Wednesday, March 23, 2011

Parker, Common Law, History, and Democracy in America, 1790-1900

Common Law, History, and Democracy in America, 1790-1900: Legal Thought before Modernism by Kunal Parker has just been published by Cambridge University Press.  Here's the book description:
This book argues for a change in our understanding of the relationships among law, politics, and history. Since the turn of the nineteenth century, a certain anti-foundational conception of history has served to undermine law's foundations, such that we tend to think of law as nothing other than a species of politics. Thus viewed, the activity of unelected, common law judges appears to be an encroachment on the space of democracy. However, Kunal M. Parker shows that the world of the nineteenth century looked rather different.

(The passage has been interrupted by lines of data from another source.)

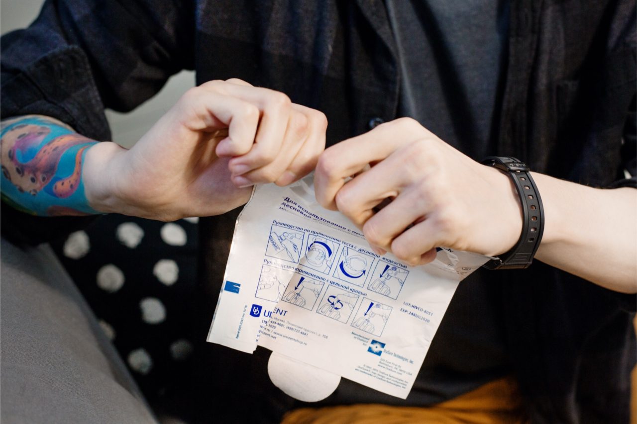 Гриша поставил телефон на громкую связь, открыл пакет с тест-системой, провел тестером по деснам, поставил тестер в пробирку со специальной жидкостью на 15 минут. Все это время консультант вел беседу, узнавал о рисках клиента, рассказывал о тех аспектах ВИЧ, которые были важны именно Грише.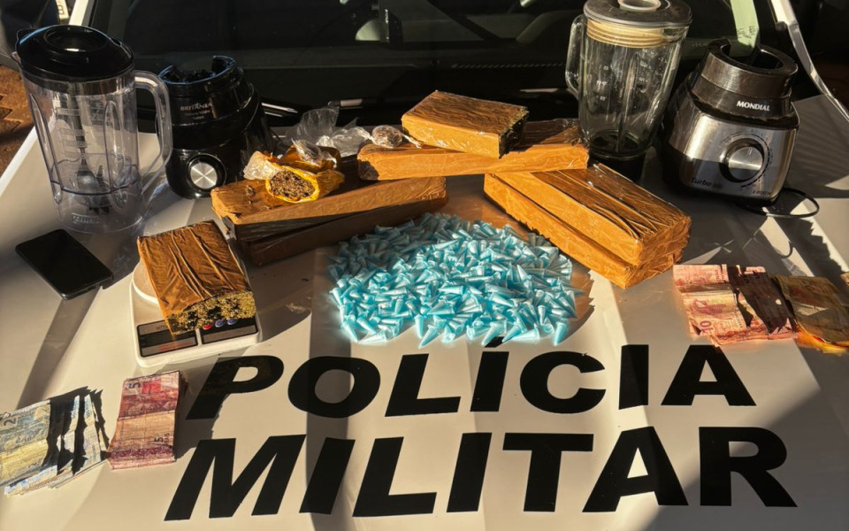 Durante a busca no imóvel, os policiais localizaram uma mochila roxa sobre um guarda-roupa. No interior, foram encontrados cinco tijolos e meio de maconha, além de duas porções da mesma droga já embaladas para venda, 120 pinos de cocaína, R$ 620 em dinheiro, bem como diversos apetrechos utilizados para o preparo e embalo dos entorpecentes.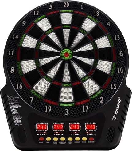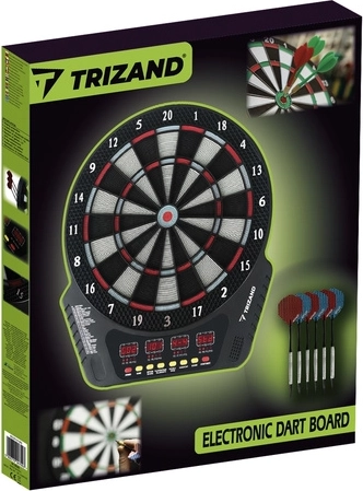 Elektronický terč TRIZAND: 27 hier, 243 kombinácií, LCD, 1–16 hráčov, priemer 34,5 cm. Vrátane 6 šípok a 24 hrotov. Napájanie zo siete aj na batérie.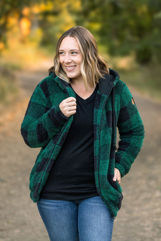 Michelle Mae Sherpa Fullzip Hoodie - Green Plaid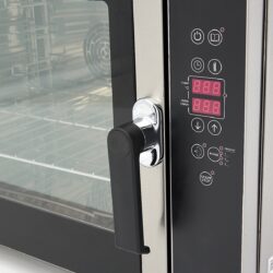Ezzel a digitális kombinált gőzölővel húst, halat vagy zöldségeket párolhat, és vitaminokat, ízt és színt is megőrzhet hosszabb ideig, mint más főzési módszerekkel. A gőzölés megakadályozza az ételek kiszáradását, és biztosítja, hogy remekül mutassanak a vendégek tányérján. A forró levegő és a gőz kombinációja sokoldalú konyhai eszközzé teszi ezt a kombinált gőzölőt, amellyel számos konyhai eszközt helyettesíthet. Ez a kombinált gőzölő ideális 1/1 GN tálcákkal vagy 60 x 40 cm-es sütőtálcákkal való használatra. Egyszerre akár négy tálca is befogadható benne.

Democracy was itself constrained by a sense that history possessed a logic, meaning, and direction that democracy could not contravene. In such a world, far from law being seen in opposition to democracy, it was possible to argue that law - specifically, the common law - did a better job than democracy of guiding America along history's path. 
 And the blurbs:
"This is a wide-ranging and highly original treatment of law and history in nineteenth-century America. Parker incorporates into his story many new texts that have not been examined in this context before and re-examines familiar texts with a fresh eye and novel interpretations. Common Law, History, and Democracy in America, 1790-1900, is an illuminating and insightful work, offering an important contribution to the growing literature on historically and socially minded jurisprudence." - Robert Gordon, Yale Law School

"Parker has written an original and stimulating work of intellectual history. By insightfully analyzing how different historical sensibilities and temporalities interacted in nineteenth-century America, he succeeds in revising not only the standard narrative of American legal history, but also our understanding of nineteenth-century historical consciousness." - Dorothy Ross, Arthur O. Lovejoy Professor Emerita of History, Johns Hopkins University 

The table of contents and more info is here.   The press, unfortunately, has set the price quite high, so you should nudge your library to make sure they purchase a copy.  With library budget cutbacks, don't assume your library will have a copy unless they hear from you.